Głowice generalnie sa takie same jesli chodzi o komorę.
Otwory są w tych samych miejscach.
Różnice polegają na średnicach kanałów
31mm - 1.4 K low port
34mm - 1.6/1.8K high port
36mm - VVC
36mm - VHPD
Więc licz się z uszkodzeniem silnika bo kanał jest o wiele mniejszy i mogło dojść do jego pęknięcia.
Kurde przecież gołym okiem widać że to jest inne.
Do tego 1,4 to low port więc jak założył taką głowice to rozp...ił dobry silnik na amen.
Ale co mialoby uszkodzic silnik? Przeciez uklad smarowania (magistrala olejowa) ma zawor regulujacy cisnienie ktory nie dopuszcza do nadmiernego wzrostu cisnienia.

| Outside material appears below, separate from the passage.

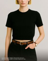 우먼 노디 라운드넥 반팔 니트 [블랙]
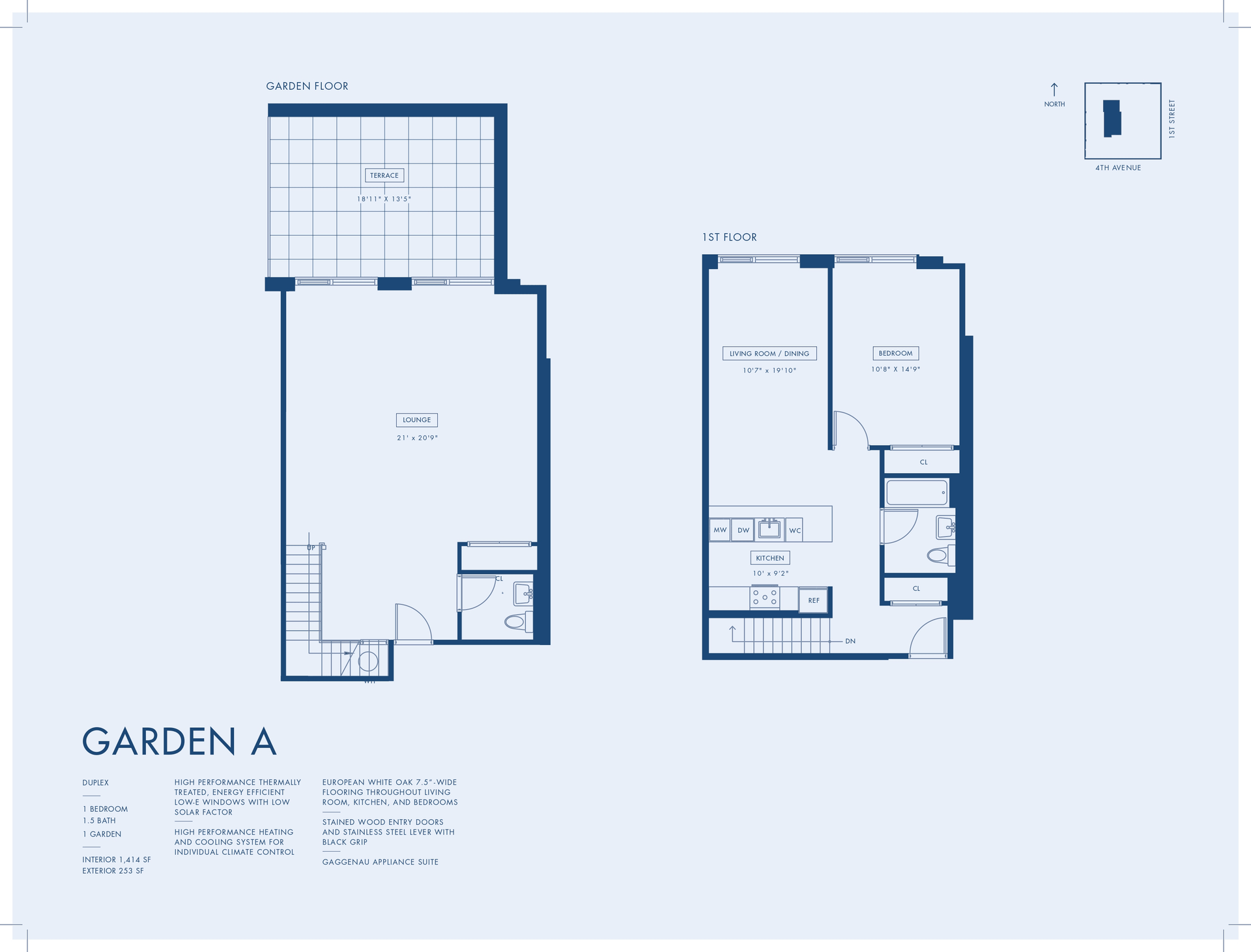 Welcome to 1A at 251 1st Street, a breathtaking Garden unit designed by ODA that blends contemporary design with unparalleled craftsmanship. This legal 1 bedroom (converted to a 3 bed), 2 bathroom residence features an impressive 1,414 SF interior floorplan, sophisticated finishes, a spacious terrace and floor-to-ceiling glass windows, allowing abundant natural light to fill the space. With 9'4" ceilings, every room feels open and airy, offering a perfect balance of style and function in one of Brooklyn's most sought-after neighborhoods.

srednice jakich kanałow sa inne
bo ja mysle ze chodzi o ogolny przekrój kanału ssacego i wydechowego, czyli zmniejszmy jedynie prześwit, pogorszymy parametry silnika, ale nie doprowadzi to do jego destrukcji, bo kanały przykręcane są do kolektora ssacego i wydechowego doczołowo
_________________ Pozdrawiam Andrzej
Rover 800, byl 214 Si 95
FSO 125p 1.4 16V MPI
Jawa 350
Nie no, 3mm róznicy srednicy, czyli 1,5mm na strone, naprawde róznica kolosalna
To sa detale, które napewno nie przyczynią sie do uszkodzenia silnika.

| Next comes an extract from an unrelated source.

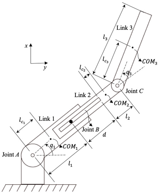 42]. As dynamic modeling is not the primary focus of this study, the resulting equations are provided directly rather than re-deriving them in full. The Euler–Lagrange equations of motion for the designed three-link planar RPR robotic arm mechanism are given in the following.
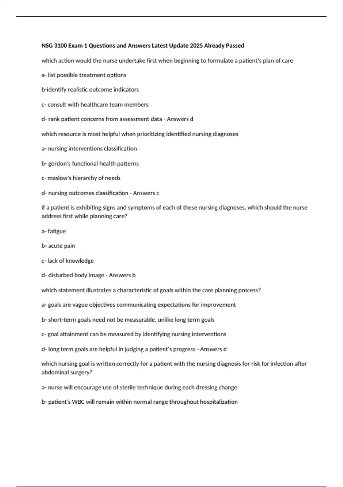 d- nursing outcomes classification - Answers c

Kumpel od kilku lat ma silnik 1.8 w poldku, a kompa od 2.0 serii T i nic sie silnikowi nie dzieje, a przeciez komp steruje mozna powiedziec zubożonym silnikiem, bo 2.0 ma pewnie wszystko wieksze, powiem wiecej, ten 1.8 uzyskuje najwyzszą moc z 1.8 obecnych na zlotach fso
_________________ Pozdrawiam Andrzej
Rover 800, byl 214 Si 95
FSO 125p 1.4 16V MPI
Jawa 350
No sorry ale producent po coś prowadził badania i wyliczył że ma być dokładnie tak.

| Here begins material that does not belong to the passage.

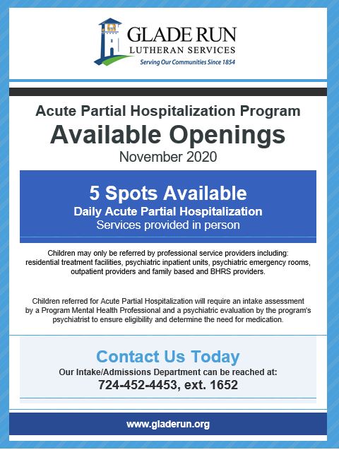 provided in person at Glade Run’s Zelienople campus.

Ja do takich aut z patentem nawet nie podchodzę.
Nie przyjmuję takich wcale na serwis.
Chyba że na doprowadzenie do stanu fabrycznego.
Wszelkim patentom drutom i niefabrycznym rozwiązaniom mówię zdecydowane nie bo potem generują tylko trudne do zdiagnozowania problemy.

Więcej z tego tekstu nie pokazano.